### EXERCISE BRIEF
With pictures excluded, output exactly the lines that run from the first line of the data below through the line containing "Стул ELVIS WZ2042-02".

### SUPPLIED INFORMATION
--- START ---

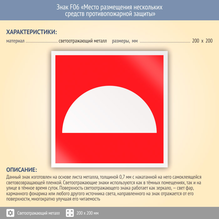Знак F06 «Место размещения нескольких средств противопожарной защиты» (светоотражающий металл, 200х200 мм) в Ставрополе купить
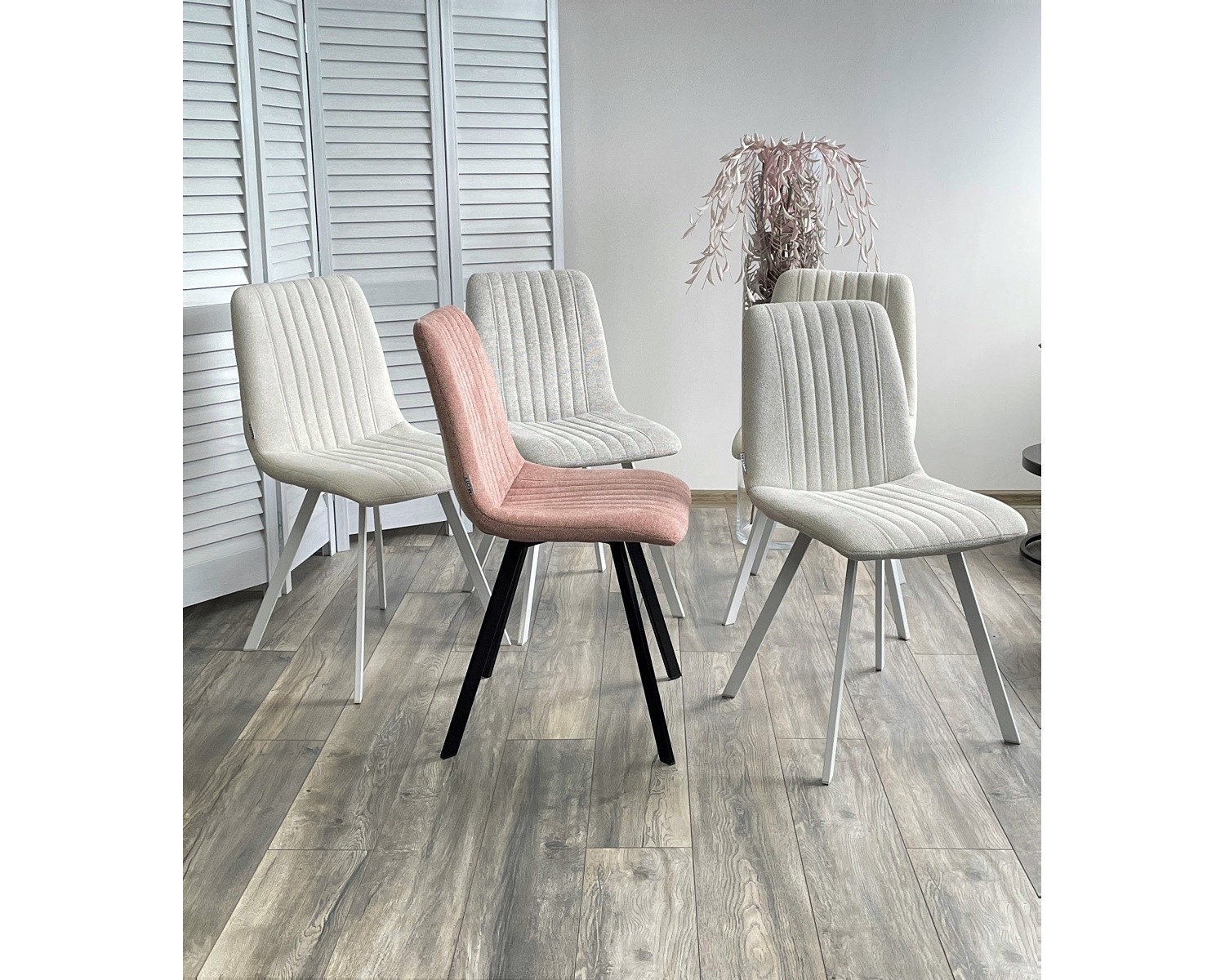 Стул ELVIS WZ2042-02 светло-бежевый фактурный велюр / белый каркас в Каменске-Уральском
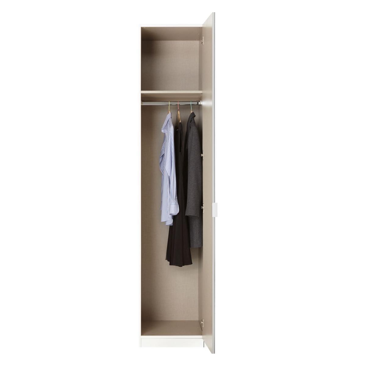 Mix It offers the flexibility to create your own contemporary, self-assembly bedroom furniture. Italian designed and manufactured, we've put together this tall single wardrobe for you, but you can choose your own colours and combinations by mixing and matching pieces from the full range, which is available in selected shops. Taller in height, but still great for smaller rooms, especially thanks to the mirrored door which will help your room feel bigger. It's made from sturdy foil-wrapped chipboard and MDF with a matt white frame. There's an adjustable shelf and hanging rail inside and the mirrored door can be mounted and hinged on either side of the frame. This set includes: Mix It tall single wardrobe frame, matt white. H236 x W59.9 x D50cm. Weight: 57kg Mix It tall single wardrobe mirrored door Mix It wardrobe handle, x1 Good to know Wall fittings are provided and we recommend fixing this wardrobe to the wall to prevent over-balancing. Spot marks indicate handle positions. You'll need to drill through the spot marks to fix the handles. Full assembly instructions are provided. With great prices and great design, our new brand offers style and quality for modern living today. Whatever you need, there's joy to be found in.

--- END ---

### REPLY
Знак F06 «Место размещения нескольких средств противопожарной защиты» (светоотражающий металл, 200х200 мм) в Ставрополе купить
 Стул ELVIS WZ2042-02 светло-бежевый фактурный велюр / белый каркас в Каменске-Уральском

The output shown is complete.